Initially, the deaeration of the water used to prepare the aqueous solution of metaphenylenediamine is carried out.

For these purposes, distilled water or water purified by reverse osmosis is used. At the beginning of deaeration, the oxygen content in the water is controlled. Since it is usually purified water intended for use in similar technological processes. for several hours it stays in the air, it is saturated with oxygen up to 6-8 mg / l. Deaeration of water was carried out by heating to a boiling point and subsequent prolonged boiling, after which water is cooled in a closed vessel, while the content of dissolved oxygen is reduced by 2-10 times. To absorb the remaining dissolved oxygen in water was added sodium hydrosulfite in an amount of 0.1-0.5% of the mass.

Then, (mass%) was added to deaerated water with stirring: metaphenylenediamia - 2, triethylamine - 2, sulfocamphoric acid - 4.6, sodium lauryl sulfate - 0.15, and tetraethylammonium bromide - 0.05-0.2.

The resulting solution was stored in a dark tightly closed container.

A mixture of a solution of an acyl chloride reagent in an organic solvent was obtained by mixing isophthaloyl chloride and trimesoyl chloride in a weight ratio of (0.1-0.3): (0.05-0.2) and further dilution in saturated hydrocarbons (hexane, heptane, Isopar G, H , L, White Spirit, Petroleum ether) at room temperature.

In accordance with the generally accepted technology for producing polymer composite membranes, a layer of polysulfone or polyethersulfone was applied to the nonwoven material, thereby forming an ultrafiltration layer.

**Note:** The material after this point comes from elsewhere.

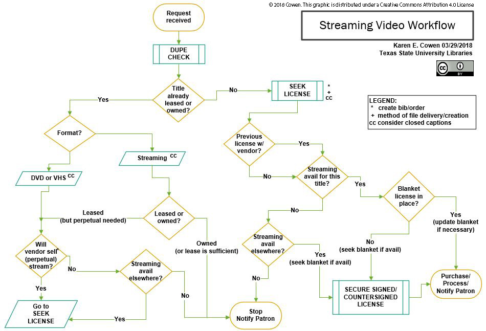 This paper documents the results of a three-year process at a university library to develop a workflow for acquiring streaming video for use in face-to-face, hybrid, and online courses. The authors of this paper created two tools that guide their library in acquiring streaming video: the Streaming Resources Decision Tree (SRDT) and the Streaming Video Workflow Chart (SVWC). This paper describes the SRDT in depth, and the SVWC in brief. This paper describes the legal rationale behind the SRDT, which explores the limits of the right to fair use in U.S. copyright law.
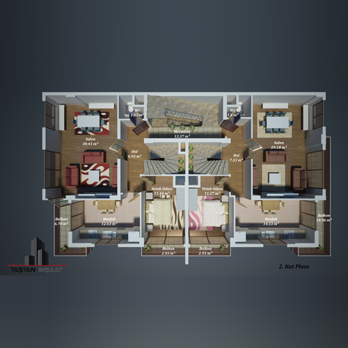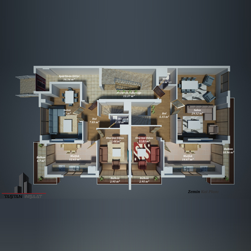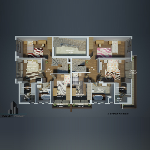 • Her Katta 7.75 m²'lik Ortak Alanlar Daire Metrekarelerine Dahil Edilmemiştir.

The surface of the obtained ultrafiltration layer at room temperature was sequentially treated with an aqueous solution of metaphenylenechamine with the additional components mentioned above. Then, using an air knife, a rubber scraper, or using another device, the excess aqueous solution was removed from the surface of the ultrafiltration layer, after which the mixture was treated with isophthaloyl chloride and trimesoyl chloride, taken in a mass ratio (0.1-0.3) :( 0.05- 0.2), in an organic solvent with a concentration of a mixture of these substances 0.25%, thus obtaining an ultrathin polymer selective layer, after which the method was dried the resulting composite polymer membrane at 110 ° C for 15 minutes

In accordance with the claimed method, a composite polymer membrane was prepared for reverse osmosis with a thickness of an ultrathin polymer selective layer of aromatic polyamide with a thickness of the order of 0.1 μm.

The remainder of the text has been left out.